* **Required work**:
Below are lines of data; restate word for word those running from the line containing "Starting in late" to the line containing "WinTools.net — это", inclusive, and no others.

* **Data for processing**:
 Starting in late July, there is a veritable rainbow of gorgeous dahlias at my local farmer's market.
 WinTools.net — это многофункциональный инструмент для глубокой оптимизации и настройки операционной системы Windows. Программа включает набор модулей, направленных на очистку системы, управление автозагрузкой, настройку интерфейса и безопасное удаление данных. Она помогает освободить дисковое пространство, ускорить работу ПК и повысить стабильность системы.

...

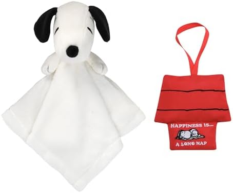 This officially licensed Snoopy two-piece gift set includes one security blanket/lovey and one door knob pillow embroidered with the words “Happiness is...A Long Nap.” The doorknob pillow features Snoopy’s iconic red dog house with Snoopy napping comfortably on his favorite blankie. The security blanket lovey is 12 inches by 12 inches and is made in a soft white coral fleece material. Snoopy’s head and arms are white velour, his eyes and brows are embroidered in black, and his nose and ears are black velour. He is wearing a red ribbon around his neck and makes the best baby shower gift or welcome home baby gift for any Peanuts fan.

---

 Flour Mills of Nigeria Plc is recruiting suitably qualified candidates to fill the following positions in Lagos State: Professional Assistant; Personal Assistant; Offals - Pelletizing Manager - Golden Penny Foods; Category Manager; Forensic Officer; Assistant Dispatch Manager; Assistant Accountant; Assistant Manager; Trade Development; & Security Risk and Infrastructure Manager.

* **Output of the exercise**:
 Starting in late July, there is a veritable rainbow of gorgeous dahlias at my local farmer's market.
 WinTools.net — это многофункциональный инструмент для глубокой оптимизации и настройки операционной системы Windows. Программа включает набор модулей, направленных на очистку системы, управление автозагрузкой, настройку интерфейса и безопасное удаление данных. Она помогает освободить дисковое пространство, ускорить работу ПК и повысить стабильность системы.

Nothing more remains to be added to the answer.